PhD: Addicted to research is a fortnightly podcast by, and for addictions PhD students.
Ayan Ahmed is a PhD Psychology candidate at the University of Surrey, researching drug use in minority and marginalized populations in the UK. The main aim of Ayan’s PhD is to explore the underlying neurobiological and cognitive consequences of khat (Catha edulis) by using behavioural tasks and brain imaging techniques.
Chloe Burke is undertaking an SSA funded PhD at the University of Bath, with cross-institutional supervision from researchers at the University of Bristol. Chloe’s project seeks to accurately understand the individual and combined roles of cannabis and tobacco in mental illness, through triangulation of cross-country data and different experimental and epidemiological techniques.
Carol-Ann Getty is a PhD student at King’s College London, researching the feasibility of using telephones to deliver behaviour change in addiction treatment. The primary aims of Carol-Ann’s PhD are to assess what interventions are feasible and acceptable to deliver by telephone, how to encourage professionals and individuals who might benefit from this treatment to engage with telephone delivered interventions (TDI), and how to integrate these into routine treatment practice.
Merve Mollaahmetoglu is a third year PhD student within the Psychopharmacology and Addiction Research Centre at the University of Exeter. Merve’s PhD research focuses on the role of ruminative thinking in initiating and maintaining alcohol use disorders and exploring rumination as a target of psychological and pharmacological treatment approaches.

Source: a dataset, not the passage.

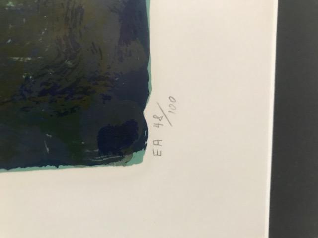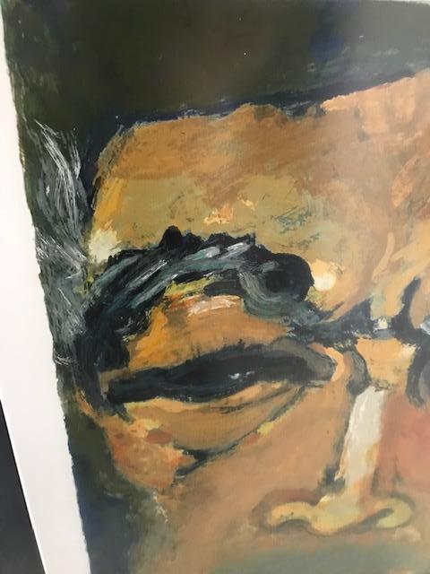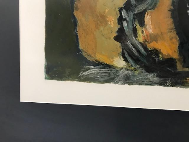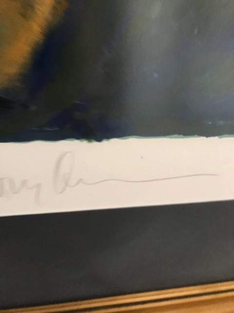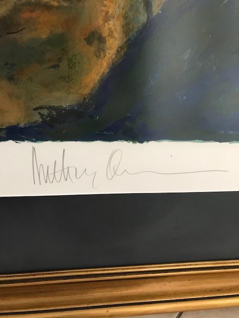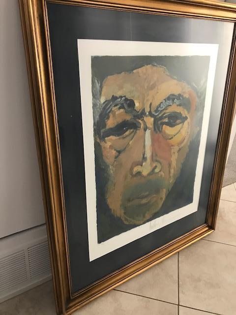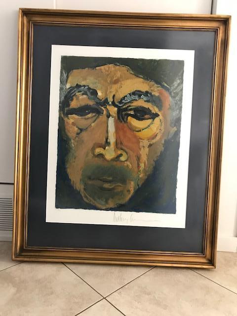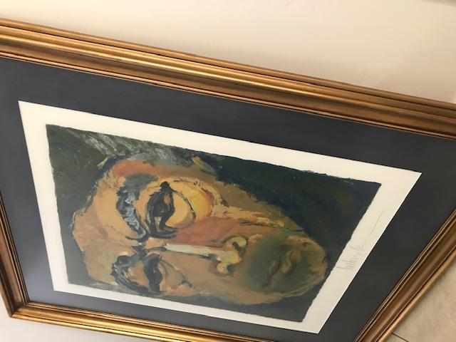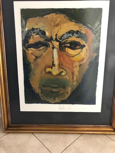 Artwork by Oscar winning Actor Anthony Quinn. Numbered #48/100. Signed Lithograph. Measures about 39.5” W X 48”H. Custom framed in gold hued frame. Stunning timeless piece.

Jo-Anne Puddephatt is a third year PhD student at the University of Liverpool. Her research focuses on understanding the patterning of alcohol use and mental health problems and how this pattern changes among different social groups. Jo-Anne’s PhD involves using mixed methods, such as managing large datasets and conducting qualitative interviews, to identify those at most risk of having a co-morbid alcohol and mental health problem.
Daniel Ranson is an SSA funded PhD student at the University of East London, part of the Casalotti lab studying the molecular mechanisms of addiction like behaviours in the Drosophila melanogaster. Daniel’s current works focus on the GABA-B receptor and the modulatory role it has on the development of tolerance and preference when in the presence of alcohol.
Zoe Swithenbank is a PhD student at Liverpool John Moores University, funded by the SSA. Her PhD is in the development of behavioural interventions for smoking cessation in substance use treatment services. She has previously worked in substance use services and currently volunteers with a mental health charity both locally and nationally.